If ${{\left( x-1 \right)}^{4}}-16=0$, then the sum of non- real complex value of x is:
(a). 2
(b). 0
(c). 4
(d). None of these

Answer 1

Hint: We have to find the complex root of the given equation. The formula that we will use here is ${{i}^{2}}=-1,{{i}^{3}}=-i,{{i}^{4}}=1$ , after finding the two complex root we will add them and that will be the final answer.

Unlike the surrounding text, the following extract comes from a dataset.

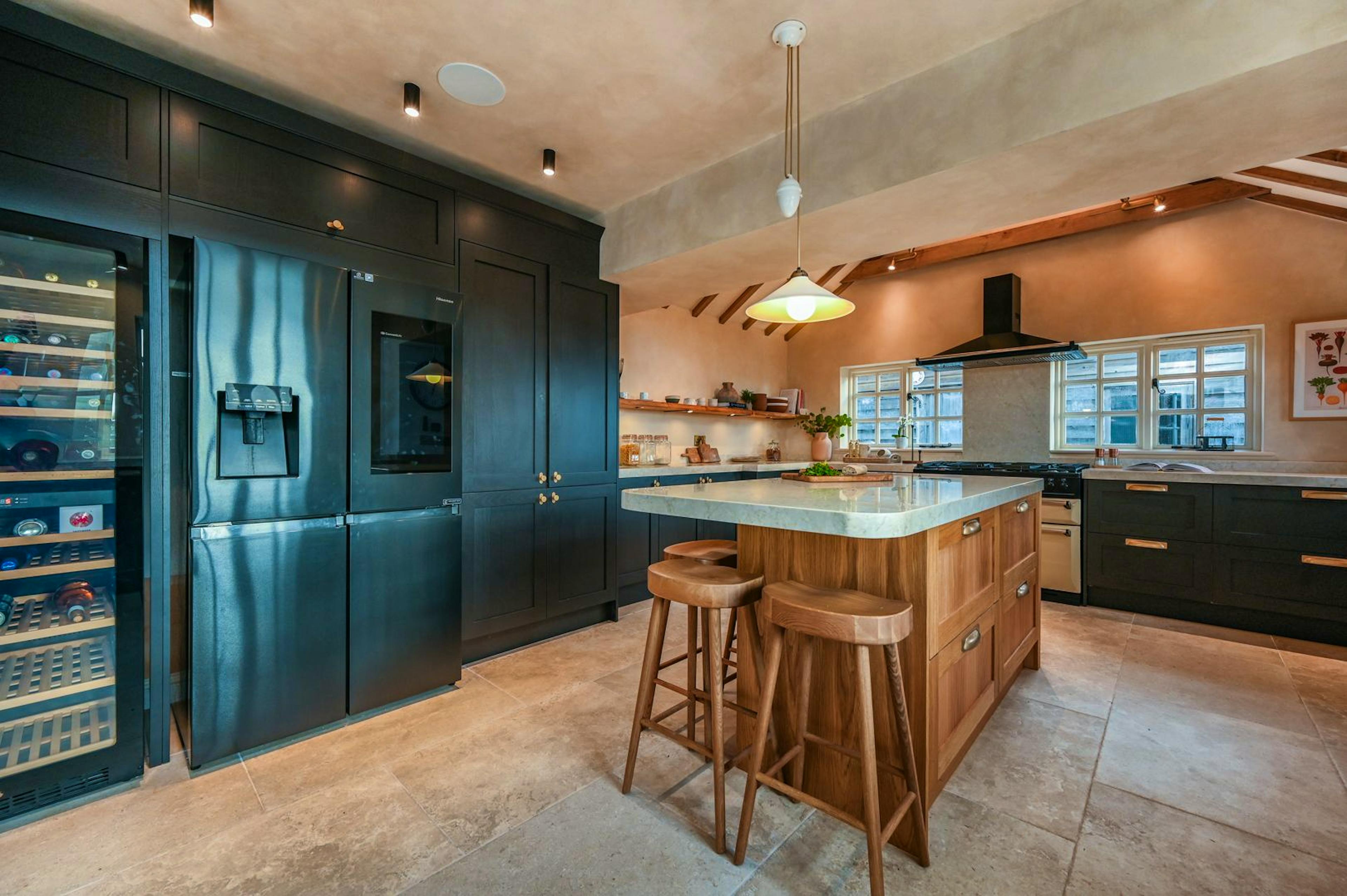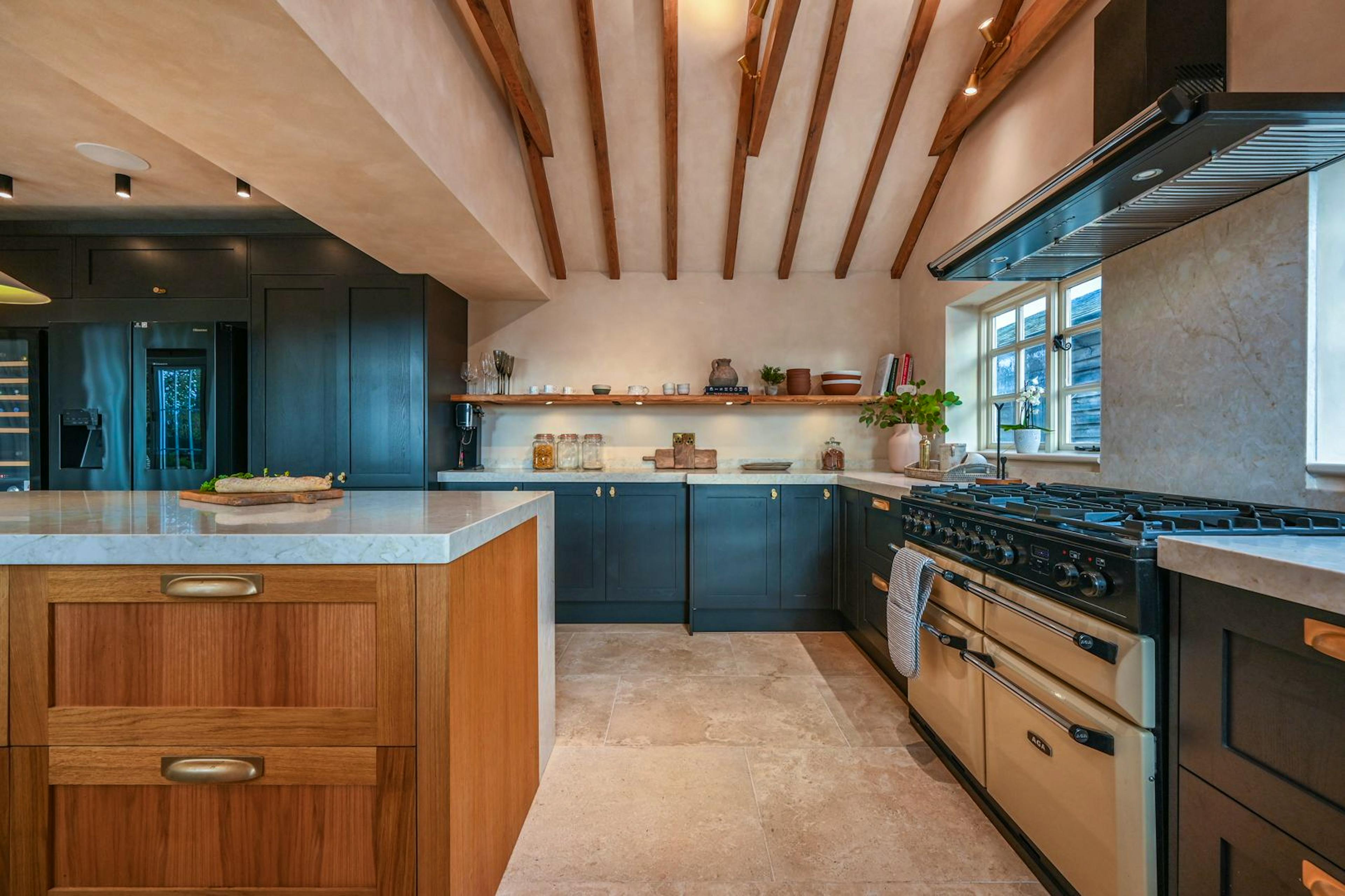 A showstopping kitchen with marble worktops, vaulted ceiling and island made for shared cooking and conversation.

Complete step-by-step answer:

Let’s start our solution.
We have been given ${{\left( x-1 \right)}^{4}}-16=0$
Taking 16 on the other side we get,
${{\left( x-1 \right)}^{4}}=16$
Now we need to find the complex root,
Now we can write 16 as ${{\left( \pm 2i \right)}^{4}}$ because ${{\left( \pm 2 \right)}^{4}}=16$ and we also know that ${{i}^{4}}=1$
Hence, using this two relation we get,
$\begin{align}
  & {{\left( x-1 \right)}^{4}}={{\left( \pm 2i \right)}^{4}} \\
 & x-1=\pm 2i \\
 & x=1\pm 2i \\
\end{align}$
Hence, we have found the two complex root of the equation as 1 + 2i and 1 – 2i
Now adding the complex root we get,
$1+2i+1-2i=2$
Hence, the sum of the complex root of the equation ${{\left( x-1 \right)}^{4}}-16=0$ is 2.
Hence, the correct option is (a).

Note: We can see that the coefficients of the equation are real so the complex root will always occur in a conjugate pair. Conjugate pair of a + ib = a – ib, now the highest power of x is 4, hence the total number of roots will also be 4. We can also see that 2 and -2 are the real roots and hence the other two roots will be complex and it will be a conjugate pair.